From https://bugzilla.redhat.com/show_bug.cgi?id=1331725: A denial of service flaw was found in the way the librsvg2 library parsed SVG files. A specially crafted SVG file with circular definitions could cause an application using librsvg2 to crash. This flaw is in the _rsvg_css_normalize_font_size() function. Reference (including reproducer): http://seclists.org/oss-sec/2016/q2/161 From https://bugzilla.redhat.com/show_bug.cgi?id=1331724: A denial of service flaw was found in the way the librsvg2 library parsed SVG files. A specially crafted SVG file with circular definitions could cause an application using librsvg2 to crash. This flaw is in the rsvg_cairo_pop_discrete_layer(), rsvg_cairo_pop_render_stack(), and rsvg_cairo_generate_mask() functions. Reference (including reproducer): http://seclists.org/oss-sec/2016/q2/161 @maintainer(s): after the bump, in case we need to stabilize the package, please let us know if it is ready for the stabilization or not.

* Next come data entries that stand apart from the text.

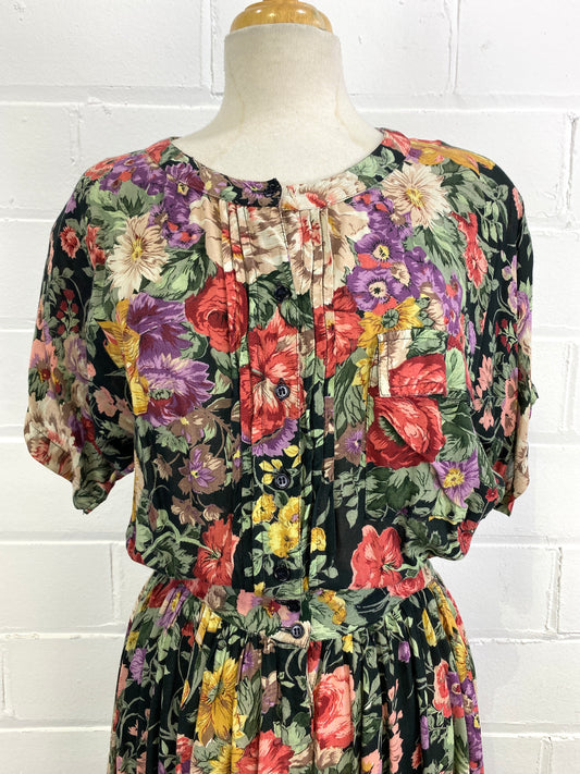 Vintage 1980s Floral Rayon Short Sleeve Dress, Medium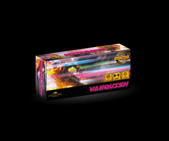 Get ready for the ultimate fireworks extravaganza with Vanquish by Hallmark Fireworks! This dynamic compound packs a punch with 320 shots that dazzle the sky with colourful stars, dazzling strobes, and a myriad of other captivating effects. Lasting 2 minutes and 10 seconds and weighing 3660 grams, Vanquish promises an unforgettable display that will leave spectators in awe.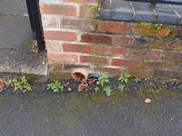The elevations on this typical 1930's house have been rendered to save money by avoiding the need to purchase and carefully lay expensive facing bricks. The render had been given sharp edges at the openings using metal beads. Unfortunately these were corroding leaving unsightly stains. The only remedy is to chop them out and re render which requires skill to blend the new into the old. The house then has to be repainted unless matching paint is available. The roof surface had formed a dish shape due to a slightly substandard structure in which a major component was undersized and had sagged slightly. An outbuilding had a fractured concrete roof. Apart from letting water into the outbuildings this is potentially problematic as the reinforcing may start to corrode forcing concrete of the roof until it is eventually destroyed. The property had the original quarry tile floor in the kitchen. This was uneven due to the sand or ash on which it had been laid compacting unevenly. The tiles and particularly the joints are likely to be damp as there is no damp proof membrane under. Such floors need to be kept uncovered and well ventilated. Roots had also invaded a drain and were catching water material. Fortunately this was at an early stage and the chamber had not filled.

*** Bug 582410 has been marked as a duplicate of this bug. ***
All should be solved in .15 version: http://seclists.org/oss-sec/2016/q2/175
Stable for HPPA PPC64.
amd64 stable
x86 stable
arm stable
Stable on alpha.
ppc stable
sparc stable
ia64 stable. Maintainer(s), please cleanup. Security, please vote.
Please clean version 2.40.11 so we can close this. GLSA Vote: No
Please clean vulnerable version from tree.
Cleanup PR: https://github.com/gentoo/gentoo/pull/3395
(In reply to Thomas Deutschmann from comment #13) > Cleanup PR: https://github.com/gentoo/gentoo/pull/3395 Could have just poked me on IRC about it or something. PRs for removals are rather useless, especially for people who don't fully embrace GH workflow. I'd have to add a remote just for some git rm's, instead of just telling what to remove, of course that'd keep authorship, but... Anyhow, removed now. Note that your PR failed to remove a now stale patch, so I ignored the PR, feel free to close that separately as obsolete or whatever is appropriate there.
Cleanup via 3a8123f9e813cdc722aed971c6a8fdfea313e13c @ Maintainer(s): Thank you!